Marcell Jacobs, centometrista, è nato a El Paso (in Texas), mentre Hillary Wanderson Polanco Rijo (4×100) è originario di Santo Domingo, seppur trapiantato a Cagliari. Eseosa Fausto Desalu (200 metri, 4×100), pur avendo origini nigeriani (al pari del ‘triplista’ Emmanuel Ihemeje, oggi carrarino), è nato a Casalmaggiore. Curiosa la storia di Antonio Baldassare Infantino (200 metri, 4×100), nato in Gran Bretagna, pur avendo mamma avellinese e papà agrigentino. Il russo Vladimir Aceti (4×400, 4×400 mista), invece, è stato adottato da una famiglia lombarda. Stesso destino per il dominicano Brayan Lopez (4×400, 4×400 mista), accolto da una famiglia di Vercelli, e dall'etiope Yemaneberhan Crippa che si è trasferito in una famiglia milanese. Sangue misto scorre nelle vene di Paolo Dal Molin (110 ostacoli) a metà tra il Camerun (lato madre) e il Veneto (padre di Belluno. L'ivoriano Hassane Fofana (110 ostacoli) ha vissuto a Brescia, mentre Ahmed Abdelwahed (3000 siepi) è di origini egiziane e i fratelli Ala e Osama Zoghlami (3000 siepi) tunisine.

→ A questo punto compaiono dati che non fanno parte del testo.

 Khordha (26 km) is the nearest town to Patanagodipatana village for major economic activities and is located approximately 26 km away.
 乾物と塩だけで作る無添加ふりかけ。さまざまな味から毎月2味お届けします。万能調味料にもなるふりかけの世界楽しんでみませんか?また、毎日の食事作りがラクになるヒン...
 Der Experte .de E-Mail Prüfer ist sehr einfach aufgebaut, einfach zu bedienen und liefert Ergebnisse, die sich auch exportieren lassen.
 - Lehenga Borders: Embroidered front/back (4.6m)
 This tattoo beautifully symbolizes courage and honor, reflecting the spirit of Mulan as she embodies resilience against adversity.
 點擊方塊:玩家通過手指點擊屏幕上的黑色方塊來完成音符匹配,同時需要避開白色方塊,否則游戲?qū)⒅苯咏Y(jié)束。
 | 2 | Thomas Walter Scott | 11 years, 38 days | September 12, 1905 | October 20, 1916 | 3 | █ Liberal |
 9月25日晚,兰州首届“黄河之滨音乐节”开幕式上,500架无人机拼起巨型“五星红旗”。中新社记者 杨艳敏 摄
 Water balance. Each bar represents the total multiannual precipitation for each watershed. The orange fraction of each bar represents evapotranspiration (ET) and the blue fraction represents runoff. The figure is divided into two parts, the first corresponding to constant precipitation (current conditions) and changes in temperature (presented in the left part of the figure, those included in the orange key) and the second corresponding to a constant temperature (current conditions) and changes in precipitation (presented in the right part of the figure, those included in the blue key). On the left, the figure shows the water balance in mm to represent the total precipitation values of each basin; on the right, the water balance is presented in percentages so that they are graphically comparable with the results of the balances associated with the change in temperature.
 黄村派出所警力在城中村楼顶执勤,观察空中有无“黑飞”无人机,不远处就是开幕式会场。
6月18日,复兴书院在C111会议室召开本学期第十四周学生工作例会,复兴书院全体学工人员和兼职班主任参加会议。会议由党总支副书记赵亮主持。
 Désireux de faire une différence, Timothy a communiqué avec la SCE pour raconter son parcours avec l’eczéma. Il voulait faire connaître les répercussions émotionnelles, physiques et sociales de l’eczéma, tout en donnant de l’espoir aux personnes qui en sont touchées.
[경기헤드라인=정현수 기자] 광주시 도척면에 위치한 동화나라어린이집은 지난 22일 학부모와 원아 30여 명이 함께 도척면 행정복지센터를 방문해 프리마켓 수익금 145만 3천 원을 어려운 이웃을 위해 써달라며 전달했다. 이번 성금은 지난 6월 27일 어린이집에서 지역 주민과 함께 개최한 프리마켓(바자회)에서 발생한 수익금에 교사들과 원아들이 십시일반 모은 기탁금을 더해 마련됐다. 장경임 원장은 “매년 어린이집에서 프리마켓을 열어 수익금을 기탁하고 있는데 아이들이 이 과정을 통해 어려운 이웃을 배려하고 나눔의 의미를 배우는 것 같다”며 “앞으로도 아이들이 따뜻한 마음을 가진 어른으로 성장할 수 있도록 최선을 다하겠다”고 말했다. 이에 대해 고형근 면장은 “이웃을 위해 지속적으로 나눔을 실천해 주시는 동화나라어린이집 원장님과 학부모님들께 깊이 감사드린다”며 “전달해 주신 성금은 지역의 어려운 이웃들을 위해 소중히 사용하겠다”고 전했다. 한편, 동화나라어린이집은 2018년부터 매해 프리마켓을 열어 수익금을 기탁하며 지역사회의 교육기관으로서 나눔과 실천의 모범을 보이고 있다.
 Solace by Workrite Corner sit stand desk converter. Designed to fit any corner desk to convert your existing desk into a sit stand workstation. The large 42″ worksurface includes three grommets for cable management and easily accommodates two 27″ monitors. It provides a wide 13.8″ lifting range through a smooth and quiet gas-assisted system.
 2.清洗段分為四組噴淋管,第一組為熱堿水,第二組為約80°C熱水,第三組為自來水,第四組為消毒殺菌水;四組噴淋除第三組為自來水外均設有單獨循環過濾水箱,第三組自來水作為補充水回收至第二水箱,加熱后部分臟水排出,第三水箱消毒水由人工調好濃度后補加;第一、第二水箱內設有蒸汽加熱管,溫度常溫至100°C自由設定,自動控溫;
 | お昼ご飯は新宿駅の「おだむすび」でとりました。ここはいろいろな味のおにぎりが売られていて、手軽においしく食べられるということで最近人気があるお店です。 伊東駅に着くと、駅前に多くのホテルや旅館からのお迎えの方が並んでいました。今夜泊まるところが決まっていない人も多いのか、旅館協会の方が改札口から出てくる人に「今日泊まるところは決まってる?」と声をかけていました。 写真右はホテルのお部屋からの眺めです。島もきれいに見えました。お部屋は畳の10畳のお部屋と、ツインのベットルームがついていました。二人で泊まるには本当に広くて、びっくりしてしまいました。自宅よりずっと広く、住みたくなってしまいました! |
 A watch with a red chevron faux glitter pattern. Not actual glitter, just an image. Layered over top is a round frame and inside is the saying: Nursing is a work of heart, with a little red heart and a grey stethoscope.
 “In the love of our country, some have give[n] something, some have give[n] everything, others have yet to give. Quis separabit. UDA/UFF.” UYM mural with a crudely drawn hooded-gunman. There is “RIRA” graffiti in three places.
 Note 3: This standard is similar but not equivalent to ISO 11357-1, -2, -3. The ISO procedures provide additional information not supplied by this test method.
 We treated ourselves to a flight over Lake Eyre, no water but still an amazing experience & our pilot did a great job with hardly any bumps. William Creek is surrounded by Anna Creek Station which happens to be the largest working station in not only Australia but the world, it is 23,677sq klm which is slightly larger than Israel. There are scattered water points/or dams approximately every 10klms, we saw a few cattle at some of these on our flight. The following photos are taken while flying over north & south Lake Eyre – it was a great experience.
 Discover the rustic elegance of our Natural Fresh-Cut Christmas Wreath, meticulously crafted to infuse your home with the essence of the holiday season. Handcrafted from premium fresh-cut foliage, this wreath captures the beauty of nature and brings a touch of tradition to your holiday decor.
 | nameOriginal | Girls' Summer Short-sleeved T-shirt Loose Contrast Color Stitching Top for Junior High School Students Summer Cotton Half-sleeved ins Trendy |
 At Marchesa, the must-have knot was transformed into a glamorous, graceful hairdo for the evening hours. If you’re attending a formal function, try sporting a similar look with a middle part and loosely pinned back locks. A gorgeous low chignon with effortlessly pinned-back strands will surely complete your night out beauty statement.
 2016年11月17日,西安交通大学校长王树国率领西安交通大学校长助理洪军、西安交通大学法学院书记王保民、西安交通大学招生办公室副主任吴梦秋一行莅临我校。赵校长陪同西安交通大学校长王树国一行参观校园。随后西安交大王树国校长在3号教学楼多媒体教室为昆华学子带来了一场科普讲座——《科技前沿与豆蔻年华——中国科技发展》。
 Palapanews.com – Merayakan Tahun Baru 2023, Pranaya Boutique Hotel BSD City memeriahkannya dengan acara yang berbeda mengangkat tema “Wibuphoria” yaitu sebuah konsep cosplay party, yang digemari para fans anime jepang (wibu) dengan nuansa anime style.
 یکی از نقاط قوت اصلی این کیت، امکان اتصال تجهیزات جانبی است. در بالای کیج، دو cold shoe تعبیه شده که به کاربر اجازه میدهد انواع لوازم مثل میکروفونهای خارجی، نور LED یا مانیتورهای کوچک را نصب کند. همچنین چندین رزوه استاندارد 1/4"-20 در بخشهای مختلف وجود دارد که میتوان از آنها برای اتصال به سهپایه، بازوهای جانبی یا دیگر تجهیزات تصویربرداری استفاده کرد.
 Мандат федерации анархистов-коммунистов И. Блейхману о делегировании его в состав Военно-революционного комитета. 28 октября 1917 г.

Zane Weir (getto del peso) ha ottenuto l'ok per gareggiare con l'Italia pur essendo nato in Sudafrica. L'esperto marocchino Yassine El Fathaoui (maratona) si è trasferito da piccolo a Parma, così come l'eritreo Eyob Faniel (maratona) ha scoperto sin da giovanissimo il Vicentino (Bassano del Grappa) e Yassine Rachik (maratona) ma messo piede, quasi in fasce, a Bergamo. Tra le donne, c'è l'ivoriana... lombarda Zaynab Dosso (4×100), così come la dominicana Johanelis Herrera Abreu (4×100), che da piccola si è trasferita a Verona. Nati in Ghana, invece, i genitori Gloria Hooper (200 metri, 4×100). La marocchina Dalia Kaddari (200 metri, 4×100) è stata agonisticamente svezzata in Sardegna. Padre nigeriano e mamma di Roma - insegna religione - per Maria Benedicta Chigbolu (4×400, 4×400 mista). Ayomide Temilade Folorunso (4×400, 4×400 mista) ha radici in Nigeria ma il cuore... parmigiano (Fidenza) Raphaela Bohaeng Lukudo (4×400, 4×400 mista). Yadisleidy Pedroso (400 ostacoli) è un'atleta cubana naturalizzata italiana dopo aver sposato un salernitano. Dariya Derkach (salto triplo) è una ragazza ucraina che da piccola si è trasferita a Pagani. Un'altra atleta di origini nigeriane, ma nata a Torino, è Daisy Osakue (lancio del disco).